Skip the American-made search entirely if performance or price is your priority over origin — an imported New Balance or Nike performs just as well for less. Skip the niche makers (SAS, Softstar) if you want a mainstream athletic look rather than comfort or minimalist styling. And skip any sneaker loudly marketed as “100% Made in USA” without checking the details — for footwear that claim is almost always an overstatement, and the FTC is actively policing it in 2026.

How we chose

Based on New Balance’s publicly described Made in USA program (factories in Maine, Massachusetts and New Hampshire; the 990 series, 992 and 993 as the USA-built models), the Federal Trade Commission’s “all or virtually all” standard for unqualified Made-in-USA claims and its 2026 enforcement sweep, and reporting on New Balance’s use of an approximately 70 percent domestic-value threshold. Other makers (SAS, Softstar, Aurora, Okabashi) are included as genuinely U.S.-based manufacturers by category. Prices are discussed qualitatively because they vary by model and sale.

Frequently asked

What is the best American-made sneaker?

New Balance’s Made in USA line is the best mainstream choice — the 990v6 and 990v5, plus the heritage 992 and 993, are built in the company’s Maine and Massachusetts factories. For a true American-made athletic sneaker, it is effectively the only widely available option.

Is New Balance really made in the USA?

Its Made in USA line genuinely is assembled in U.S. factories, but “Made in USA” here means roughly 70 percent domestic value, not 100 percent — some materials are still sourced abroad. That falls short of the FTC’s strict “all or virtually all” standard and has drawn scrutiny, so it is real but not absolute.

What does “Made in USA” actually mean for shoes?

Legally, an unqualified “Made in USA” claim requires a product to be “all or virtually all” made in America. Footwear rarely clears that, so brands like New Balance use a domestic-value threshold (about 70 percent).
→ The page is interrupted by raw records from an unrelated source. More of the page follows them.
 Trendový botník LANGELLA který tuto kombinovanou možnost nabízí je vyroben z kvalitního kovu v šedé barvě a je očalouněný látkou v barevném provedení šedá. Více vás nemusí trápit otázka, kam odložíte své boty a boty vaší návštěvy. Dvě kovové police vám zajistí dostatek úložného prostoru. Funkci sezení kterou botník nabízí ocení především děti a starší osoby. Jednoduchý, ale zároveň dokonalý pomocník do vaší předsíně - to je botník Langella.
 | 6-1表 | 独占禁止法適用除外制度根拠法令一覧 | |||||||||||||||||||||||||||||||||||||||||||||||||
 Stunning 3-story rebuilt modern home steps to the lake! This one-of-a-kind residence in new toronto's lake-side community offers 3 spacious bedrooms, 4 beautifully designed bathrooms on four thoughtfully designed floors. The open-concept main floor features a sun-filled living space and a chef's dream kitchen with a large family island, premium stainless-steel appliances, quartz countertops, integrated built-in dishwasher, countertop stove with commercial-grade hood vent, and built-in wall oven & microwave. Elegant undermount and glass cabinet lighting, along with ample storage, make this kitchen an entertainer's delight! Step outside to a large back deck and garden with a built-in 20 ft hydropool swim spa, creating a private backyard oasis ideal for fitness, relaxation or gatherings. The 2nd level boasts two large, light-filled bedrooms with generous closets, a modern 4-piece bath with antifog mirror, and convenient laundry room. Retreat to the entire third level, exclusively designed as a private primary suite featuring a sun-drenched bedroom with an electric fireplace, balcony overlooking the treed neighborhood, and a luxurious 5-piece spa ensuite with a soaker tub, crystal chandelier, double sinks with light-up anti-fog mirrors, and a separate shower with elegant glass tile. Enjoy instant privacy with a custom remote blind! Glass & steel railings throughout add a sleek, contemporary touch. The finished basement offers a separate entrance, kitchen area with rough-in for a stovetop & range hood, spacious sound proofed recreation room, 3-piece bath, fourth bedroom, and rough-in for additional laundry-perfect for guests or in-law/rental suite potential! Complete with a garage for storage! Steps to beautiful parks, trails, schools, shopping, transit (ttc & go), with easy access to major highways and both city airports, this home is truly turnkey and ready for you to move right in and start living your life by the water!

It means most of the value and assembly is American, not that every component is.

Are any Nike shoes made in the USA?

No. Nike is an American company but makes essentially none of its shoes in the United States — mostly Vietnam, Indonesia and China. If you want an American-made alternative to a Nike, a New Balance Made in USA model is the closest genuine swap.

Which New Balance models are made in the USA?

The confirmed USA-built models are the 990 series (notably 990v5 and 990v6), the 992 and the 993. Watch out: the 991 is made in the UK and the standard 2002R is made overseas, so always check the specific listing for the “Made in USA” label.

Why are American-made sneakers so expensive?

Because U.S. labor and materials cost more than overseas manufacturing. You are paying a premium to support domestic production, not for a shoe that necessarily performs better. If made-in-America is your reason for buying, that premium is the point; if not, an imported pair offers the same performance for less.